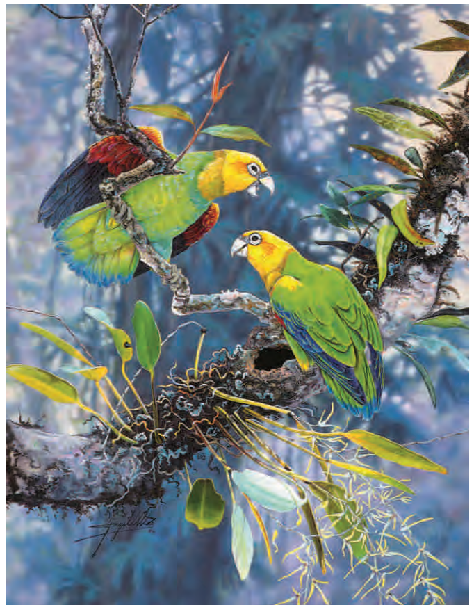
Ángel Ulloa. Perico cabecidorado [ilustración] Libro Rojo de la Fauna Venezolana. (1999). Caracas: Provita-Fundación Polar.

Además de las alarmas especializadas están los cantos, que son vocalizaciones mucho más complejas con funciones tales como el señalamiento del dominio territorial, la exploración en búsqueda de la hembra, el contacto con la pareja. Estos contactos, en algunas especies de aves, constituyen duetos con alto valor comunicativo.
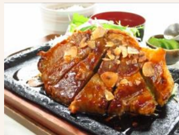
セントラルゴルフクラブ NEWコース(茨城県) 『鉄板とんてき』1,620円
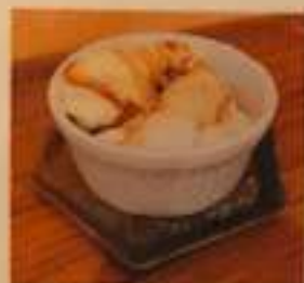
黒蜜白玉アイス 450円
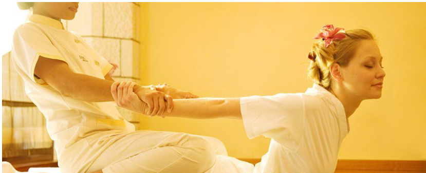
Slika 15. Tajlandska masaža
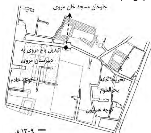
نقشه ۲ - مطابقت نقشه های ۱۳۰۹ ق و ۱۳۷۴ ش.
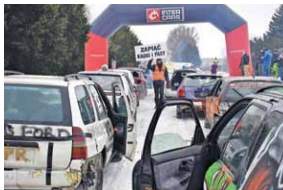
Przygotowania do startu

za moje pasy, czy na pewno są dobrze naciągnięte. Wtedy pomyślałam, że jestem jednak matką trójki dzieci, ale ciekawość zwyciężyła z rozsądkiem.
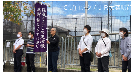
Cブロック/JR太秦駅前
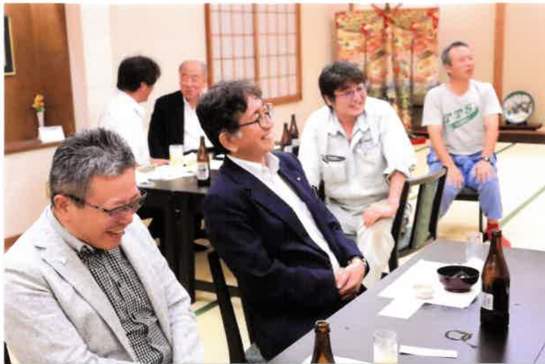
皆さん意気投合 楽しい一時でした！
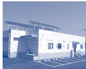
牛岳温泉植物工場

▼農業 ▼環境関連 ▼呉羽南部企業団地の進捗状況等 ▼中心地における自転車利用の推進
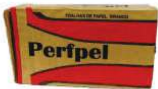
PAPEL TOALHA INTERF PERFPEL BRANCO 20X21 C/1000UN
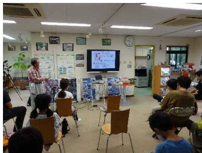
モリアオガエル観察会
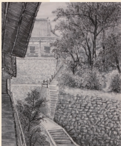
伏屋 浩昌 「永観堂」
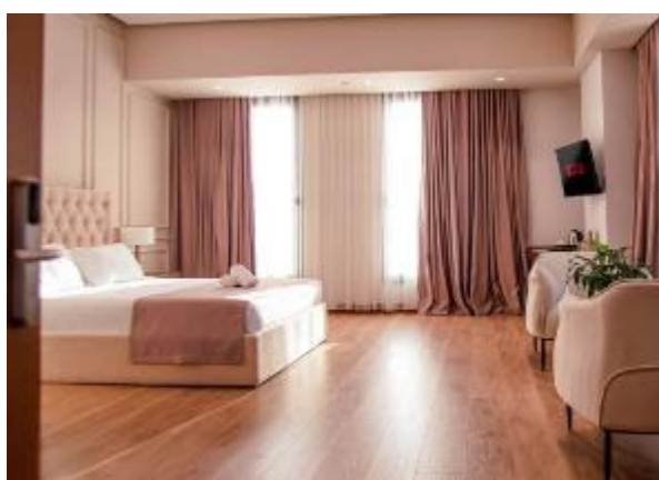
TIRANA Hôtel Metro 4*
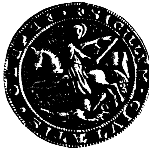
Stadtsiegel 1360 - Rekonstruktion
§ §
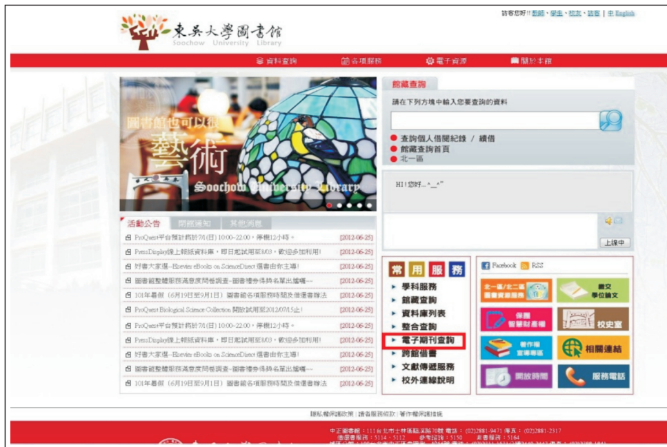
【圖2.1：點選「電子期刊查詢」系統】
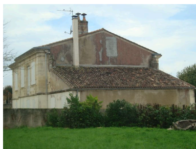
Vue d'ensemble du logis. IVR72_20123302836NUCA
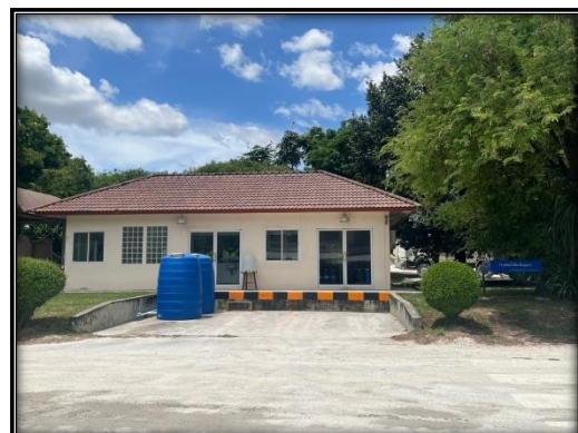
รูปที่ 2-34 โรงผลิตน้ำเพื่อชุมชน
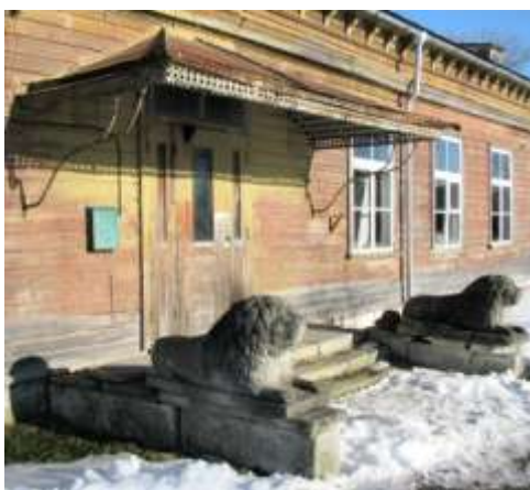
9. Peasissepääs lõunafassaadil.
§ §
ASSIGNMENT »
Precisely those lines above that run from the line with "Przygotowania do startu" up to and including the line with "Stadtsiegel 1360 - Rekonstruktion" are to be set down, with the pictures omitted.

SOLUTION TO THE EXERCISE »
Przygotowania do startu

za moje pasy, czy na pewno są dobrze naciągnięte. Wtedy pomyślałam, że jestem jednak matką trójki dzieci, ale ciekawość zwyciężyła z rozsądkiem.
Cブロック/JR太秦駅前
皆さん意気投合 楽しい一時でした！
牛岳温泉植物工場

▼農業 ▼環境関連 ▼呉羽南部企業団地の進捗状況等 ▼中心地における自転車利用の推進
PAPEL TOALHA INTERF PERFPEL BRANCO 20X21 C/1000UN
モリアオガエル観察会
伏屋 浩昌 「永観堂」
TIRANA Hôtel Metro 4*
Stadtsiegel 1360 - Rekonstruktion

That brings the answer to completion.